Set down word for word each line from the start of the listing through the line that contains "Make a bold", both included.

Data below Block Start

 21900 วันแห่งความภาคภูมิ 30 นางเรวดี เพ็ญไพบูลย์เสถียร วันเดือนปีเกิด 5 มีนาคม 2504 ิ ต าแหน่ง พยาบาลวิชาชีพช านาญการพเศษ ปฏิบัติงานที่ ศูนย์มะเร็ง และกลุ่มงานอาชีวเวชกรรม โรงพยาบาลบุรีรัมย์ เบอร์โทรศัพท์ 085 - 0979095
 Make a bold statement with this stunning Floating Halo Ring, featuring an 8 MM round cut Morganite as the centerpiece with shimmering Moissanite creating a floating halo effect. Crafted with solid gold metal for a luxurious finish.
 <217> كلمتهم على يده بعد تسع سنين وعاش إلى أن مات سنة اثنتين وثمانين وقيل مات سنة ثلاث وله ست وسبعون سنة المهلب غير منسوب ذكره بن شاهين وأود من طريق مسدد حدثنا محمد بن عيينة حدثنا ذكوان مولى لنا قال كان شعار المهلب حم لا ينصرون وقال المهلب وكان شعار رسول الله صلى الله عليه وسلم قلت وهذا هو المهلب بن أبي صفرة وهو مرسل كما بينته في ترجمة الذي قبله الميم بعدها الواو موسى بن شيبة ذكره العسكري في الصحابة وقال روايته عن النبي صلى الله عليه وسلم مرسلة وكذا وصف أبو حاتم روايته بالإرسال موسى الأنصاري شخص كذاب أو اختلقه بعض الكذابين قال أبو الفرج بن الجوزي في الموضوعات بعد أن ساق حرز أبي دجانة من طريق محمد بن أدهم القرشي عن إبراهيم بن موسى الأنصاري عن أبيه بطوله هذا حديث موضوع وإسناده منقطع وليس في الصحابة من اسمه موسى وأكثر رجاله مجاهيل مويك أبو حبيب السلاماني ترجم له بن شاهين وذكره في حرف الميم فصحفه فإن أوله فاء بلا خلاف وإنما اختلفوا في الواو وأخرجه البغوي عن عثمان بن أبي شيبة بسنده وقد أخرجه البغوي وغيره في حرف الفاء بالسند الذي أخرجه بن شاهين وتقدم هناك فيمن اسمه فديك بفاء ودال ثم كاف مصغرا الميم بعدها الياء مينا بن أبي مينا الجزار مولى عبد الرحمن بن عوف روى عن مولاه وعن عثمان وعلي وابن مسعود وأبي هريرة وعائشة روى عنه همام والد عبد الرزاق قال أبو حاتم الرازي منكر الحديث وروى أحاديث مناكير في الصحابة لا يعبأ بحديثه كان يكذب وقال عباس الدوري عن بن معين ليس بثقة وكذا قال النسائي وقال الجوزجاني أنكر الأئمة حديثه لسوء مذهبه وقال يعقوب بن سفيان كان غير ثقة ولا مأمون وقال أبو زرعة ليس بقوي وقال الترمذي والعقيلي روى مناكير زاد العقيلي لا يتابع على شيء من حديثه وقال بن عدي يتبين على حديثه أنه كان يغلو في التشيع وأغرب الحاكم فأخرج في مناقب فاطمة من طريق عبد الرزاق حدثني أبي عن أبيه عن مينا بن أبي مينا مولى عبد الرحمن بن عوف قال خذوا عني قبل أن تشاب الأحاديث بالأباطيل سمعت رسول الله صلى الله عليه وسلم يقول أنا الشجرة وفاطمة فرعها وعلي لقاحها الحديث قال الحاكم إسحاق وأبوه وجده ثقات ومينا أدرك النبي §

Data below Block End

▶ Answer to the exercise:
 21900 วันแห่งความภาคภูมิ 30 นางเรวดี เพ็ญไพบูลย์เสถียร วันเดือนปีเกิด 5 มีนาคม 2504 ิ ต าแหน่ง พยาบาลวิชาชีพช านาญการพเศษ ปฏิบัติงานที่ ศูนย์มะเร็ง และกลุ่มงานอาชีวเวชกรรม โรงพยาบาลบุรีรัมย์ เบอร์โทรศัพท์ 085 - 0979095
 Make a bold statement with this stunning Floating Halo Ring, featuring an 8 MM round cut Morganite as the centerpiece with shimmering Moissanite creating a floating halo effect. Crafted with solid gold metal for a luxurious finish.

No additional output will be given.